Flashback: Radiohead Play ‘Karma Police’ on ‘Letterman’
When Radiohead played their new single “Karma Police” on The Late Show With David Letterman in August of 1997, most Americans knew them as either the “Creep” band or that group that Alicia Silverstone dismissed as “the maudlin music of the University station” in Clueless. Their new album, OK Computer, received rapturous reviews all over Europe, but in America they were still playing clubs and tiny theaters. Days before the Letterman taping, they played the Lakewood Civic Auditorium near Cleveland, which doubles as a high school auditorium.
But as the group toured relentlessly and word of their amazing album spread beyond campuses, Radiohead started to be seen as a Pink Floyd for the 1990s. They became a cool name to drop and celebrities like Brad Pitt and Jennifer Aniston started coming to their gigs. This is a dream come true for most bands, but Thom Yorke was miserable. They headlined the NEC Arena in Birmingham, England in November of 1997, a show that Yorke later described to Rolling Stone as his low point.

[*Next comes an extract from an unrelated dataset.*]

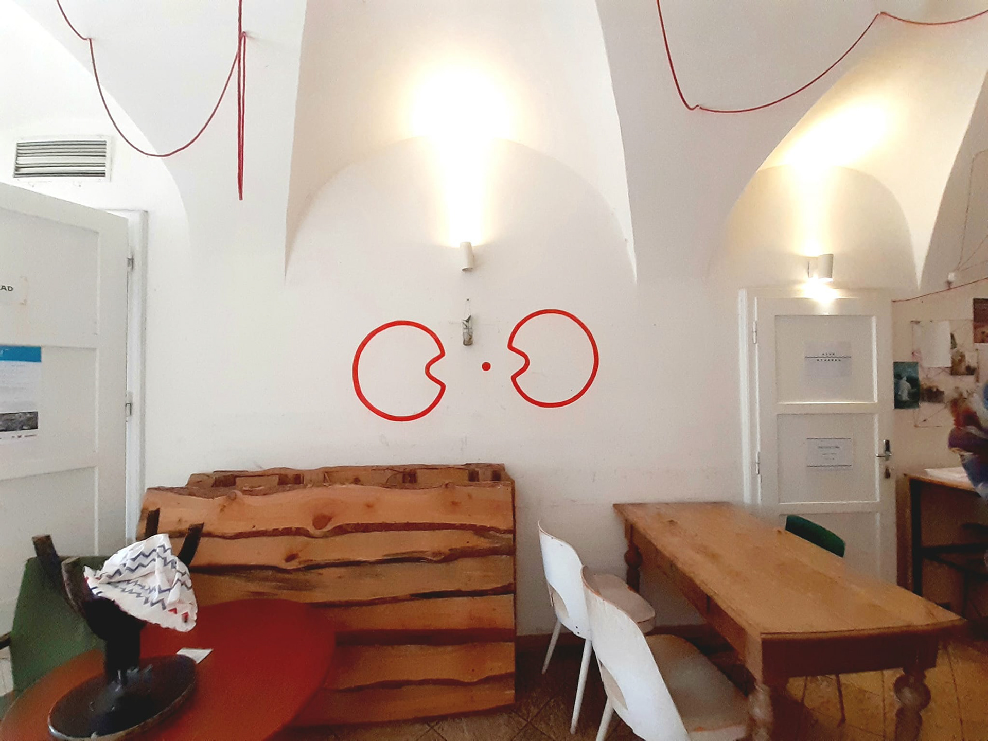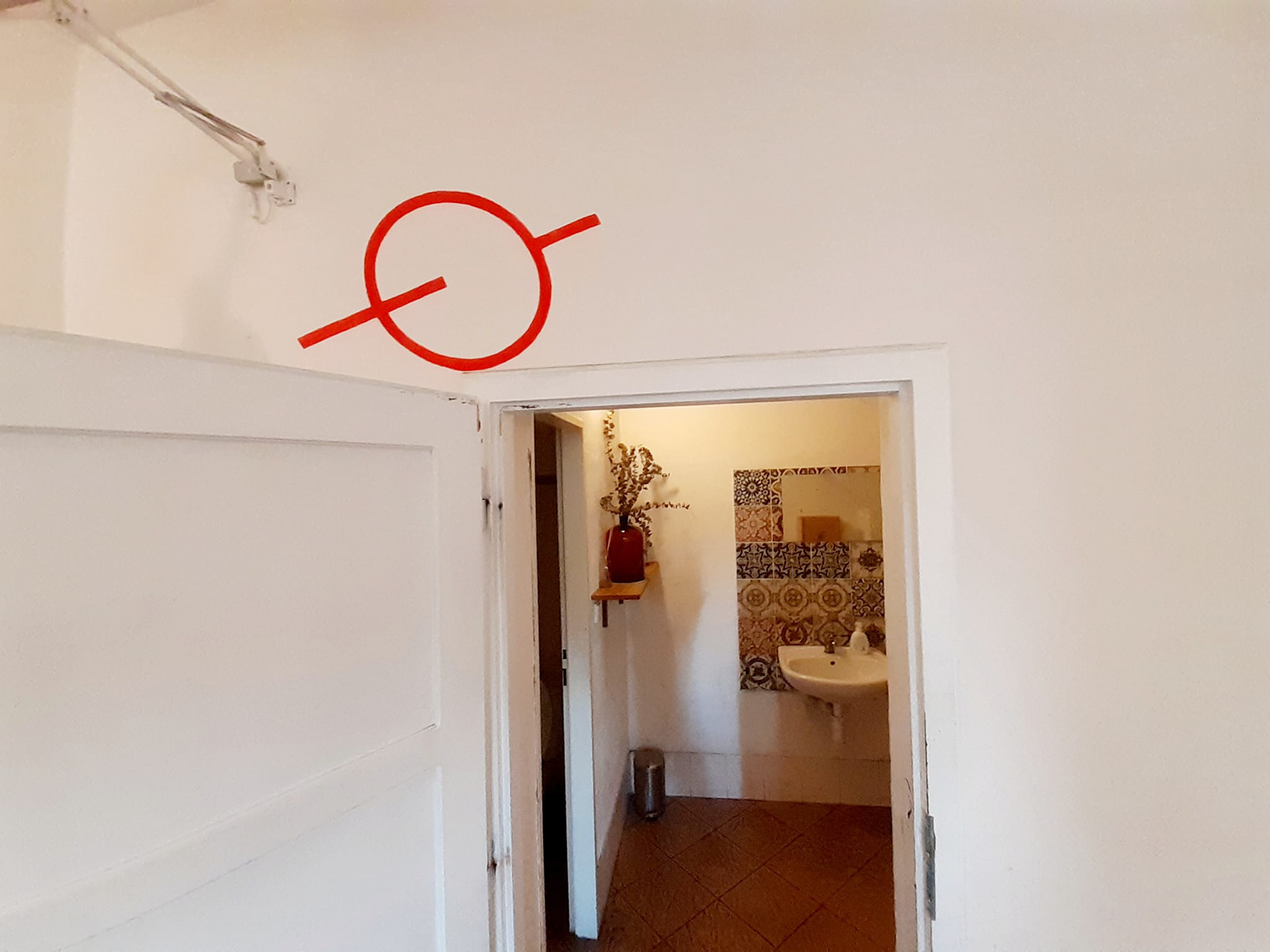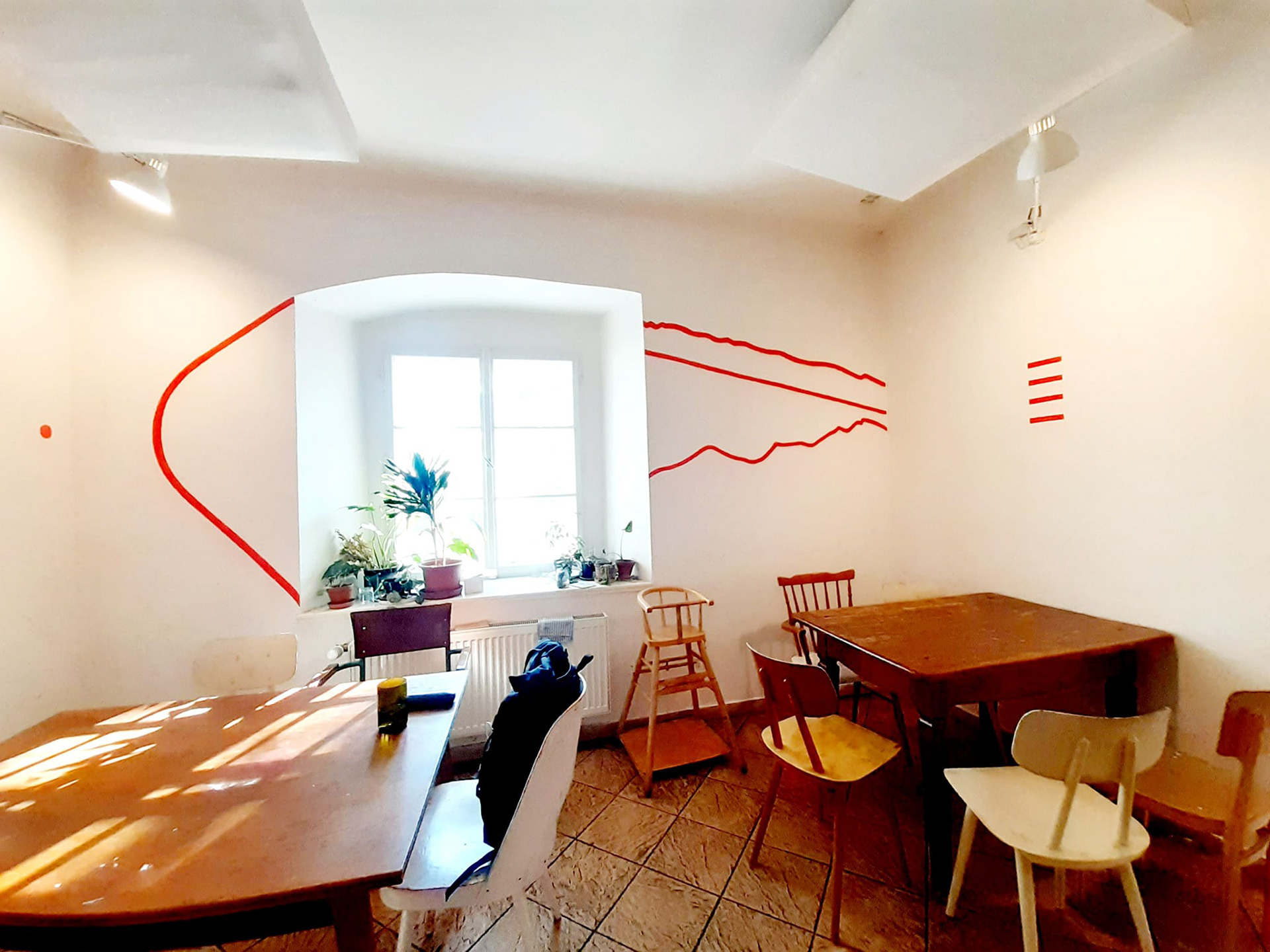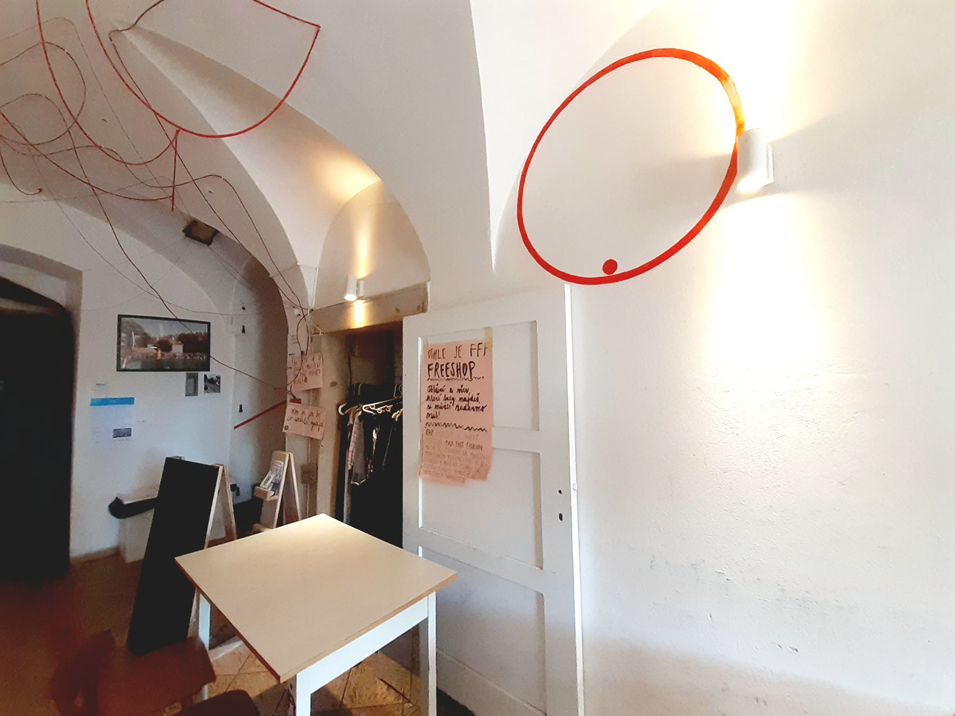 Site-specific intervention works on two levels and each of them activates viewers in a different way. Signs on the walls encourage new views, associations, more or less conscious linking of visual perceptions. By looking at them, you can compare them or read their visuality as a specific form of language. However, it is also possible to take the assignment in hand and proceed to fulfill it - with the help of the present signs, formulate your own message, pass it on through the other person, concentrate on the touch as the moment of sending. The ordinary assignment is to actively participate in the world, learn to perceive where and how our desires flow, and find new, functional connections with others.

“I came off at the end of that show, sat in the dressing room and couldn’t speak,” he said. “I actually couldn’t speak. People were saying, ‘You all right?’ I knew people were speaking to me. But I couldn’t hear them. And I couldn’t talk. I’d just so had enough. And I was bored with saying I’d had enough. I was beyond that.”
Yorke still had another seven months of heavy touring in front of him, an agonizing experience chronicled in the documentary Meeting People Is Easy. “It’s a record of where we were at, rather than a celebration,” Yorke said of the movie in 2001. “I reject it now. And I find it very weird when other bands pick up on that state of mind, trying to imitate it.”